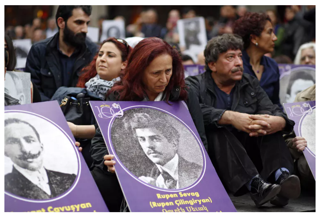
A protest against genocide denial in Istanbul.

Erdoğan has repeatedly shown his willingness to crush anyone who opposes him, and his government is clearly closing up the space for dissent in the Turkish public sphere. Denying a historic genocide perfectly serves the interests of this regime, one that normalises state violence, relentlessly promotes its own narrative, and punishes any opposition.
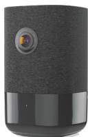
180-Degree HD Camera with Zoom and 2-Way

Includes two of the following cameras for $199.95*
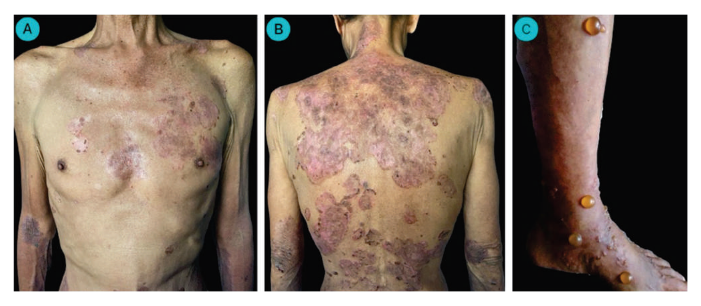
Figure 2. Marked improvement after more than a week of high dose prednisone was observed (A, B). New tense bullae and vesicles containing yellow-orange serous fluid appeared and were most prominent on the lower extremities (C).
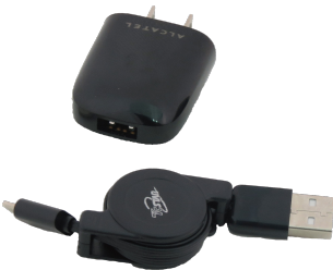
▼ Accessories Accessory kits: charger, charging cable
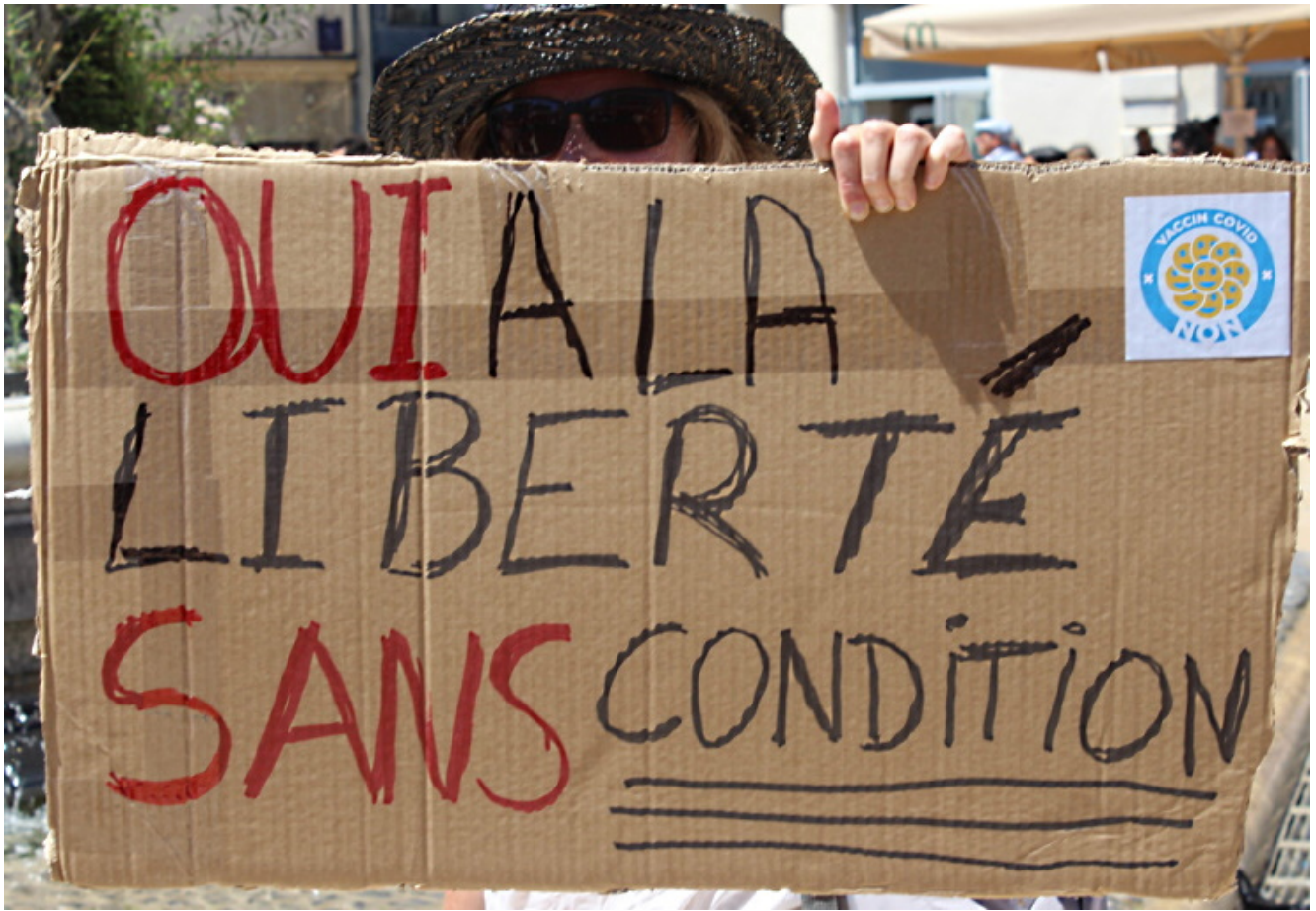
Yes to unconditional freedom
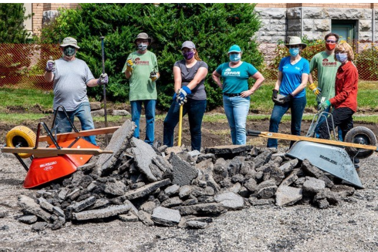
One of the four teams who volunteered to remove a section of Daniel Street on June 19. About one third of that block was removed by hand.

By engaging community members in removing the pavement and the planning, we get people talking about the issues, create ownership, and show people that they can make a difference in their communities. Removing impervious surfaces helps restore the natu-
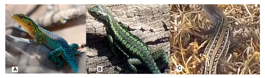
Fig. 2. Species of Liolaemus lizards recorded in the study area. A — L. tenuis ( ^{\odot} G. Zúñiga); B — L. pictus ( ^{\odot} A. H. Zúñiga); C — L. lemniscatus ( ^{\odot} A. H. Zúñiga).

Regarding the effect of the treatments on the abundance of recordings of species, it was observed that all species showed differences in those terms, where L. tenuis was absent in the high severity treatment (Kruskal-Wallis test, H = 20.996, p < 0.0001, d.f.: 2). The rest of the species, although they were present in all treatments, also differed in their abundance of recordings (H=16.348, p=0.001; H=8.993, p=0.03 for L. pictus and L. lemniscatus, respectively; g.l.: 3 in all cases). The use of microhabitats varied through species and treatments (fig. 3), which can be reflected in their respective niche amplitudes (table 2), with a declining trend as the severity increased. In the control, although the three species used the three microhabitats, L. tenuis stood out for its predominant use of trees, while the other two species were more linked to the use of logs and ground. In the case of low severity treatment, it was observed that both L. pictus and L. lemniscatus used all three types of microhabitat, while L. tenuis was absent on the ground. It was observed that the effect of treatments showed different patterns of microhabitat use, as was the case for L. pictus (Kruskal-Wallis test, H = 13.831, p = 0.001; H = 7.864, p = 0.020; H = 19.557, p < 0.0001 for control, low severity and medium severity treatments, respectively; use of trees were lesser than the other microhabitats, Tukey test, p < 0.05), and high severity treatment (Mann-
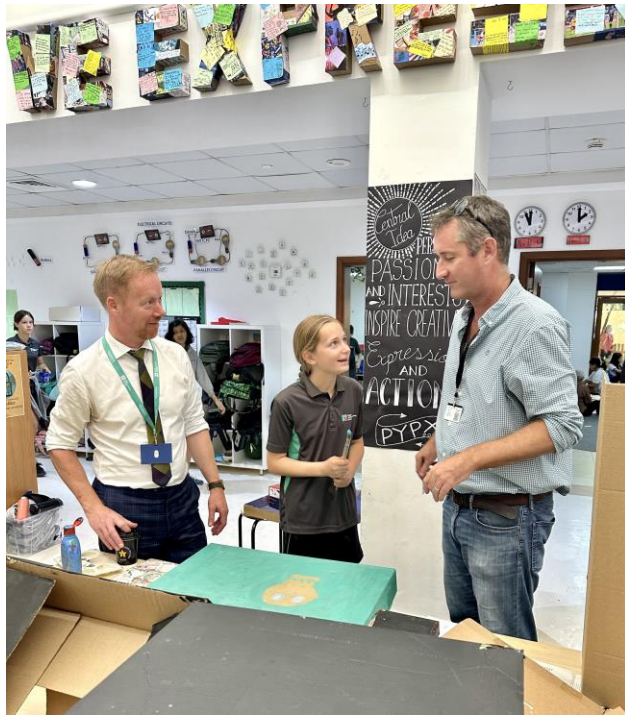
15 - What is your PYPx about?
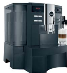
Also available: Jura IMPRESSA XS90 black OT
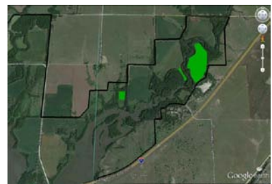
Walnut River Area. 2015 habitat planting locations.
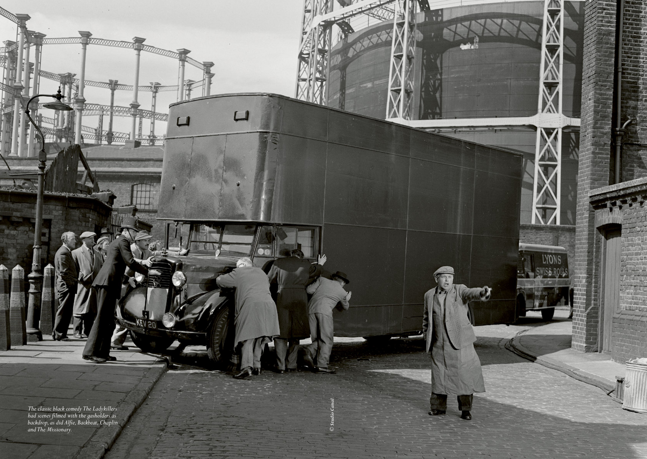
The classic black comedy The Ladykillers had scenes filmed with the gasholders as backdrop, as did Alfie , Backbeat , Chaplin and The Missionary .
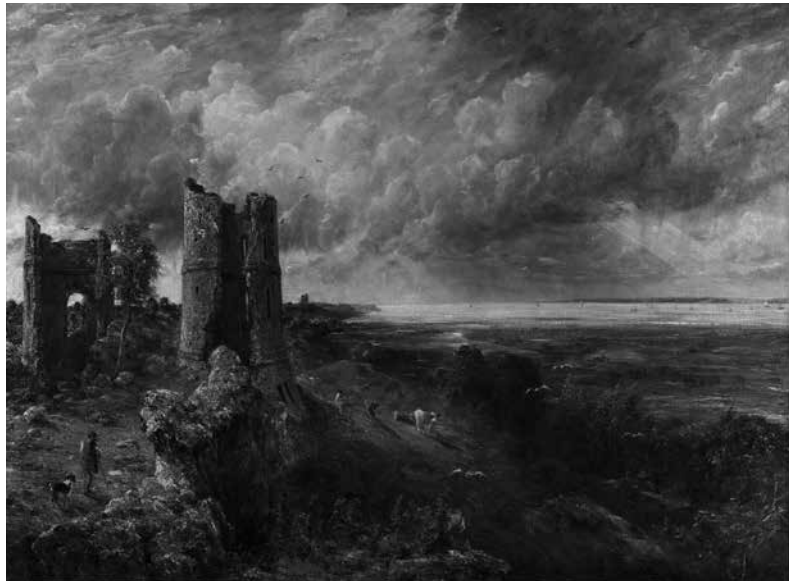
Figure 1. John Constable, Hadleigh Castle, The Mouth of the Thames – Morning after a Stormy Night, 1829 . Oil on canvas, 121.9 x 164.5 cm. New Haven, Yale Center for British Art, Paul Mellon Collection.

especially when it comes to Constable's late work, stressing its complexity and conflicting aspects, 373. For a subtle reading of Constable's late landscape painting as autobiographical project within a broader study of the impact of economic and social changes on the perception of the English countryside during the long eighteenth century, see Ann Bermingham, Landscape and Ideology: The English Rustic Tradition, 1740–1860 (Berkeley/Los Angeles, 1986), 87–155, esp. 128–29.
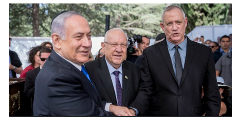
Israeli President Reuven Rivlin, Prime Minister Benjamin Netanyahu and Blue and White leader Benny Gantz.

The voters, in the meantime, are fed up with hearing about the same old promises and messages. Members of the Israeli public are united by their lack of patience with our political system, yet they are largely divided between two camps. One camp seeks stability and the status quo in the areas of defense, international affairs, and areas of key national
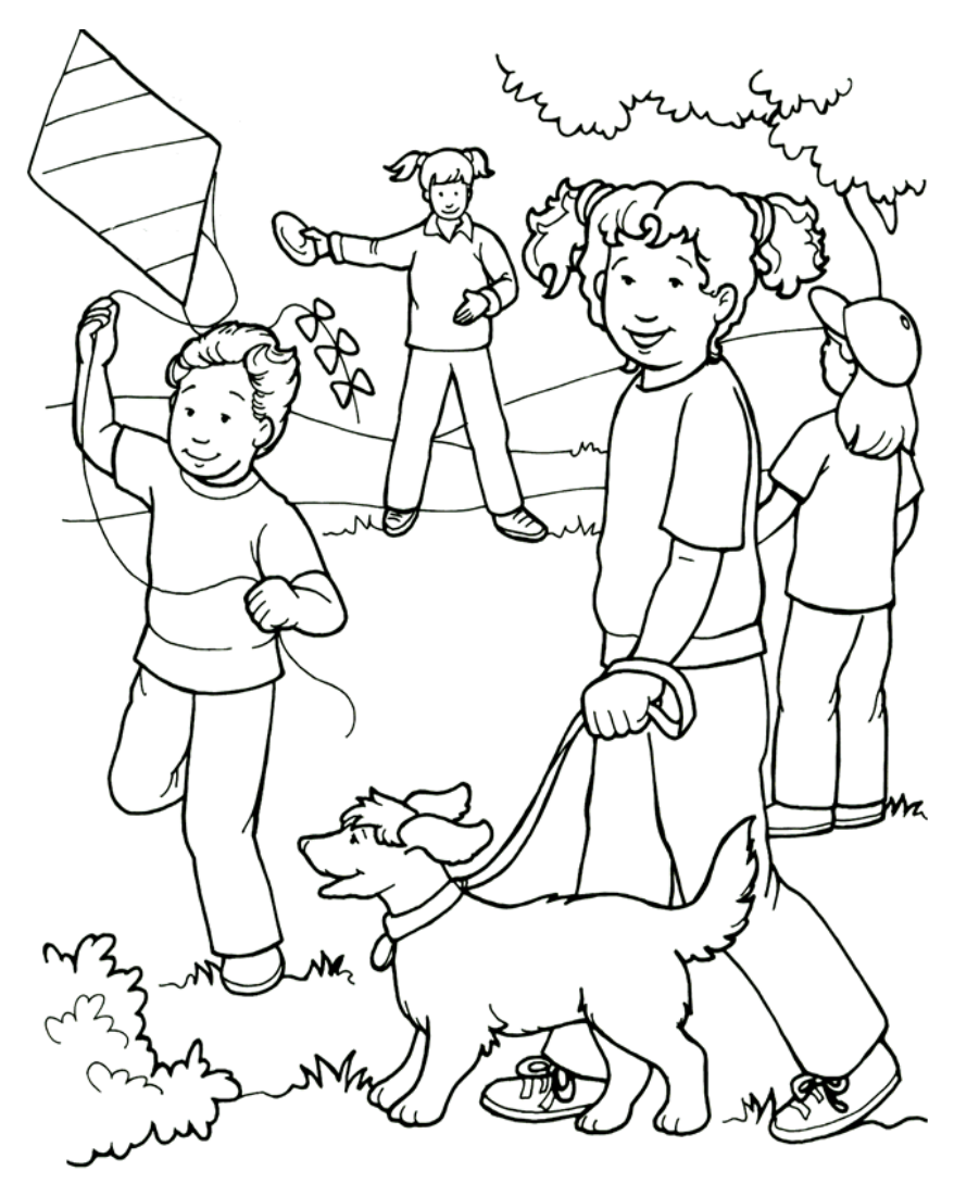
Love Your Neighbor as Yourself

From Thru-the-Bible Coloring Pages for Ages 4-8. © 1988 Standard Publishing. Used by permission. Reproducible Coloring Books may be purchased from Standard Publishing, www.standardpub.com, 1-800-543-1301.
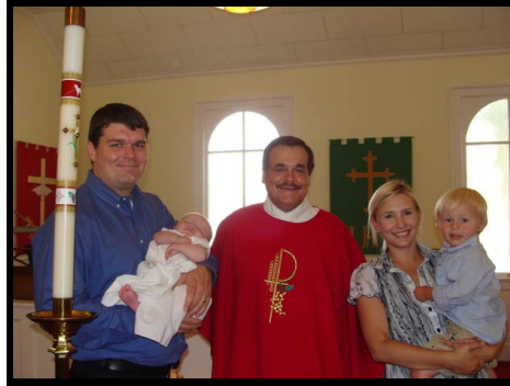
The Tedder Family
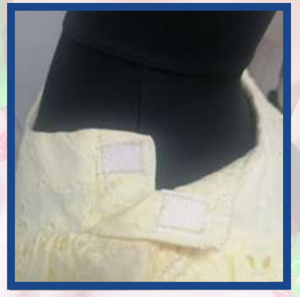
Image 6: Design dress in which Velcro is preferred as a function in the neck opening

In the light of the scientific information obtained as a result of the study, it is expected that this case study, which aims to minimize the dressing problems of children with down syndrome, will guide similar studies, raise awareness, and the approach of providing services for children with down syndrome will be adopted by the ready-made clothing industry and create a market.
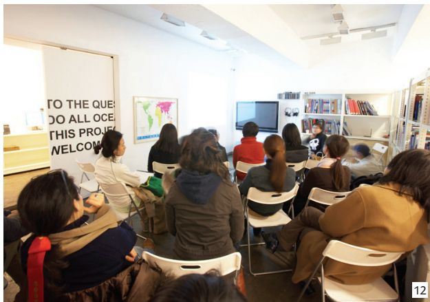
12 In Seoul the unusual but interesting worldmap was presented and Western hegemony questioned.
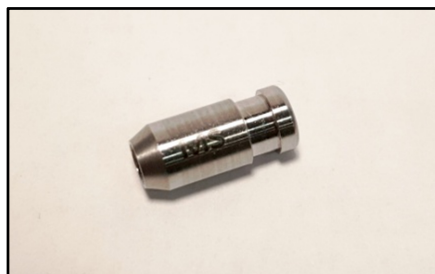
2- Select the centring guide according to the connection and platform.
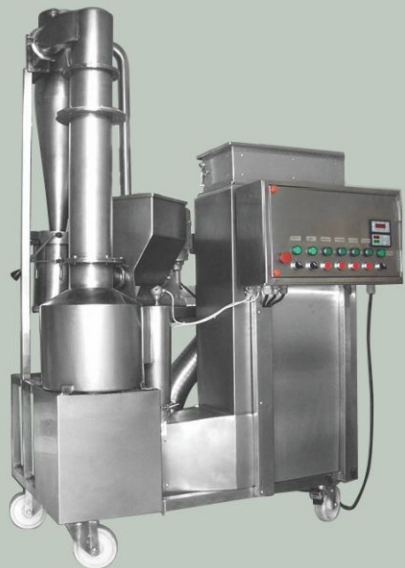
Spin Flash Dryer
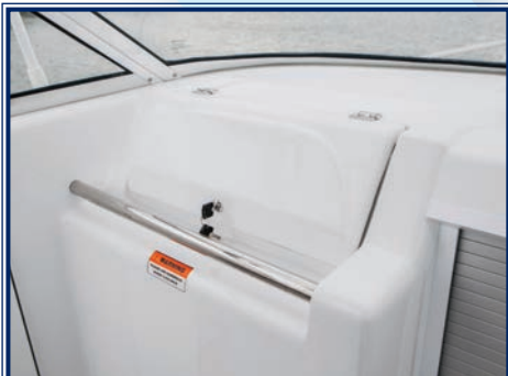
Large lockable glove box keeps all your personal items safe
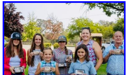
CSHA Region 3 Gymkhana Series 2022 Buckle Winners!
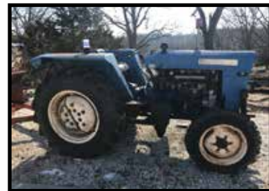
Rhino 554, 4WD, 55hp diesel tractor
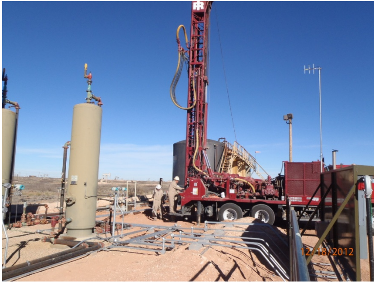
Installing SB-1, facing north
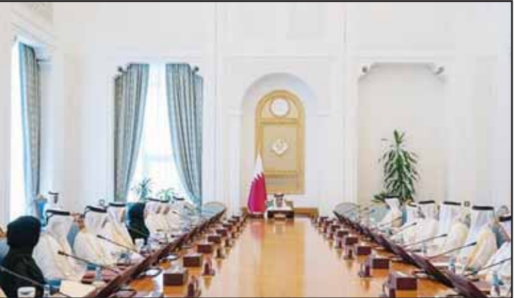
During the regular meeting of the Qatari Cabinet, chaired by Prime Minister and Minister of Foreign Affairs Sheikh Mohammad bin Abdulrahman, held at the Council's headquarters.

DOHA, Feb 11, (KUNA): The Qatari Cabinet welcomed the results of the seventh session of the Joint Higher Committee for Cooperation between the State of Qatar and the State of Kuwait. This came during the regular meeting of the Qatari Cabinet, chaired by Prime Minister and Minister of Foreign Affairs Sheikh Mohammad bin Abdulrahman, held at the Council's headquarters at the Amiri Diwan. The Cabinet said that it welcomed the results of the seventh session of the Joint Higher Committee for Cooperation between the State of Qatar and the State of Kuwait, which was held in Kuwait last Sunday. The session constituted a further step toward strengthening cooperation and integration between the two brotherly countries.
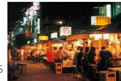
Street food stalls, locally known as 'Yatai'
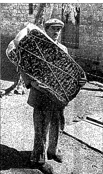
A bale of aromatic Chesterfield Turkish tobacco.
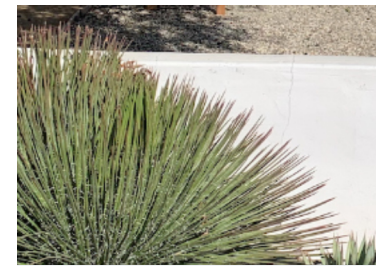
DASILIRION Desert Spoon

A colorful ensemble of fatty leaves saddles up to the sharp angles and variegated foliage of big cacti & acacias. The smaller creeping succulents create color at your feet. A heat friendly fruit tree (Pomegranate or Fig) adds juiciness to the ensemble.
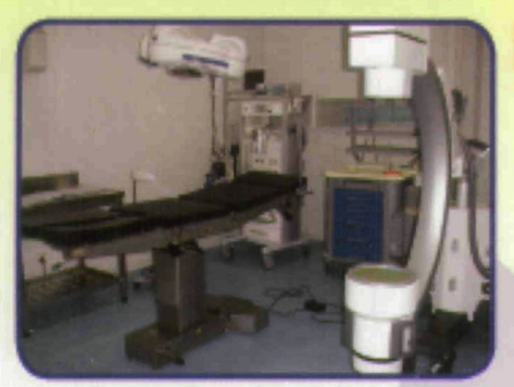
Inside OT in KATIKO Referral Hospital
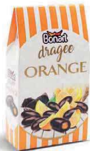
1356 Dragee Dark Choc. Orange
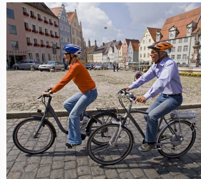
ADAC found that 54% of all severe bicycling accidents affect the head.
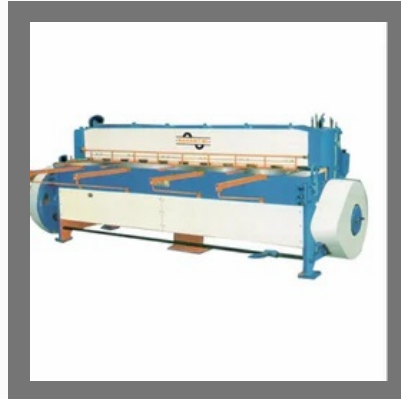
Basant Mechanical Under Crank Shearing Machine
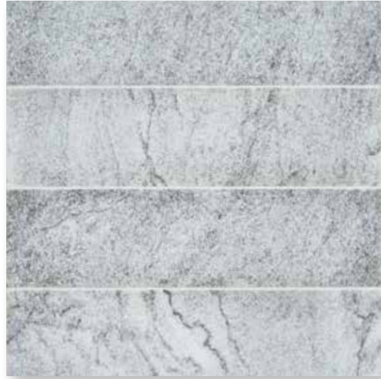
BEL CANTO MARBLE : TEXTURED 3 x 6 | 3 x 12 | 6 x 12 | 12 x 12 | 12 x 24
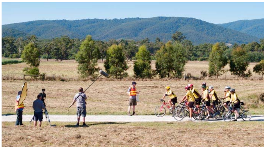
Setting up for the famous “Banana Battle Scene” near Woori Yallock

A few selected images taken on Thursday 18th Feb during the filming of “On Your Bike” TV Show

+---+

The problem
Exact repetition is the task: every line from the start of the data to the line with "Erdoğan has repeatedly", inclusive, and none after it, pictures omitted.

Reply
A protest against genocide denial in Istanbul.

Erdoğan has repeatedly shown his willingness to crush anyone who opposes him, and his government is clearly closing up the space for dissent in the Turkish public sphere. Denying a historic genocide perfectly serves the interests of this regime, one that normalises state violence, relentlessly promotes its own narrative, and punishes any opposition.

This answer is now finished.